In the video’s early stages came the marvellous line: “Falling down stairs doesn’t only happen in the movies”. This statement was astonishingly prophetic. Just moments later, the female actor on the screen took an agonising tumble down some steps in a manner which can only be described as ‘akin to when Helen Daniels fractured her hip by tripping over some loose carpet and falling down the stairs in Neighbours in 1996’. The guffaws in the room were stifled, however, when the narrator continued and informed us that “this lady’s fall ended fatally when her head’s impact on a step led to a brain haemorrhage”. Frika. I will never descend a flight of stairs in the same way again. And nor should you, if you’ve any sense about you.

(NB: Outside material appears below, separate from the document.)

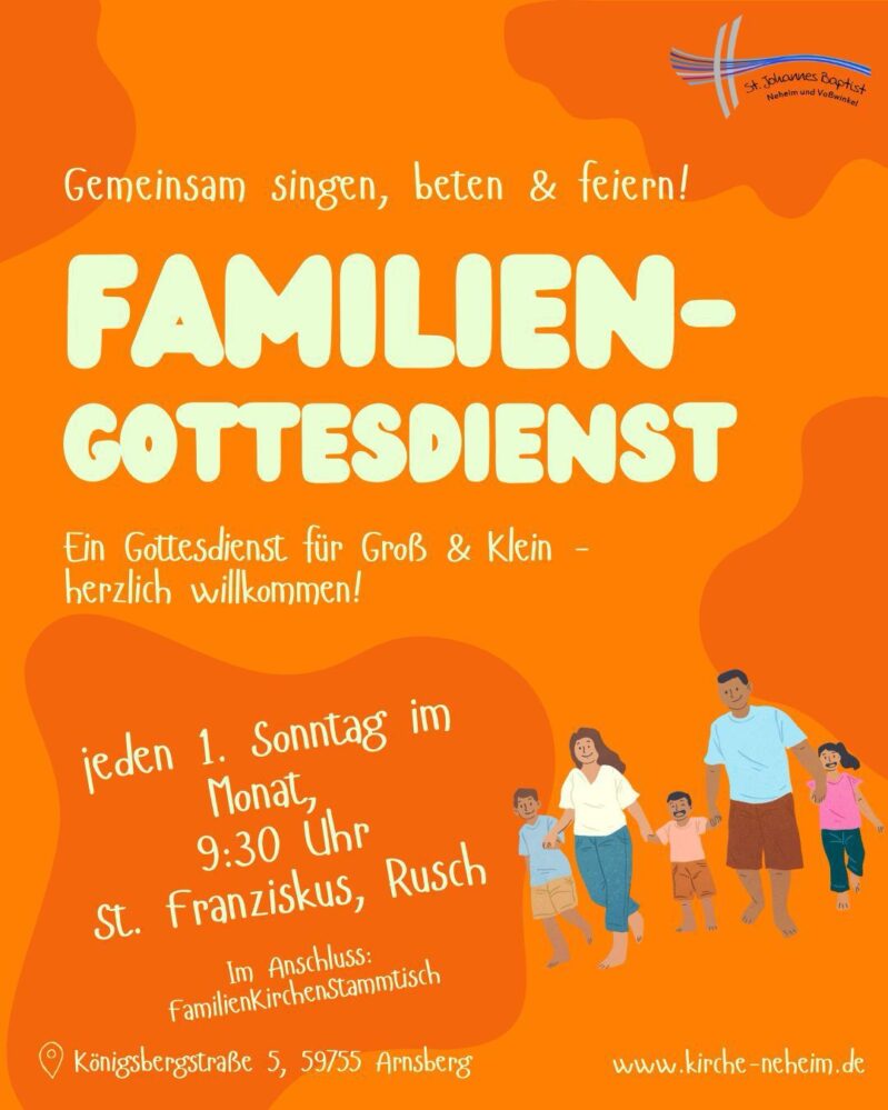 Gemeinsam singen, beten & feiern. Dazu laden wir jeden 1. Sonntag im Monat um 9.30 Uhr nach St. Franziskus in den Rusch ein. Im Anschluss ist noch FamilienKirchenStammtisch.

A window will never be opened in the same way either: “This man fell to the ground after leaning too far while opening a jammed window on the third storey of his building.” Other things I learnt include the following: never use a swivel chair as a stool; never attempt to floss with a live electronic cable; don’t try to staple your eyelid to your chin. Clearly, public sector offices are very dangerous places, but nobody warned me of this fact. If I’d wanted an element of risk in my life I would’ve gone for a job as an extreme/'Xtreme'/'Xtrm' sports instructor (and then hated myself for eternity). I may have to move jobs. People moving jobs doesn’t only happen in the movies.
5 Comments:
How does one go about getting a job writing these things? It'd be a right laugh. I love the movies line. What other everyday occurrences can be glammed up with that technique?
"People eating yoghurt doesn't only happen inthe movies."

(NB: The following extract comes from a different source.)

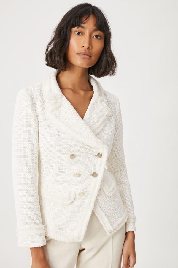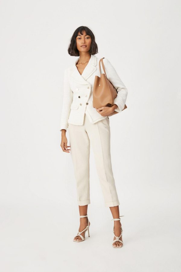 Women Purificación García Jackets | Woven Double-breasted Blazer White

Changing underpants doesn't only happen in the movies.
You know, just the other day I had to go on a training cause that sounds just like this one, the theme was "scientific integrity". I was shown a video of an American lying (presumably health and safety legislation prevents us from being exposed to any real-life lies) and then I had to join a discussion group on whether or not I thought it was wrong. My only contribution to the discussion was the word "yeah".

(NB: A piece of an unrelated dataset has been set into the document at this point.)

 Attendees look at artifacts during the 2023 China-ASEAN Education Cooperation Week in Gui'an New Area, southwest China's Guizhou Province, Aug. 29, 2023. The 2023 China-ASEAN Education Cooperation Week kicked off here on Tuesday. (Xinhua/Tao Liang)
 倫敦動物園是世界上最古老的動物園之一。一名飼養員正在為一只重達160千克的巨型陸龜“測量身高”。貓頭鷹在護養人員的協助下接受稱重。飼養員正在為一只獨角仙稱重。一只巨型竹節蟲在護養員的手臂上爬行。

It was almost as bad as when I started - I was shown a video of a child licking some shoes that had been contaminated with a radioactive substance. Apparently that's wrong too. Though personally I think that if you've managed to bring up a child that frequently licks soiled shoes it's really better off out of the gene-pool.
I'm with you. Let the kids lick away; that's what I say. They have it too easy these days. And being met by the end of a shoe never did me any ruddy harm.
I literally ate shit when I was younger and it never did me any harm.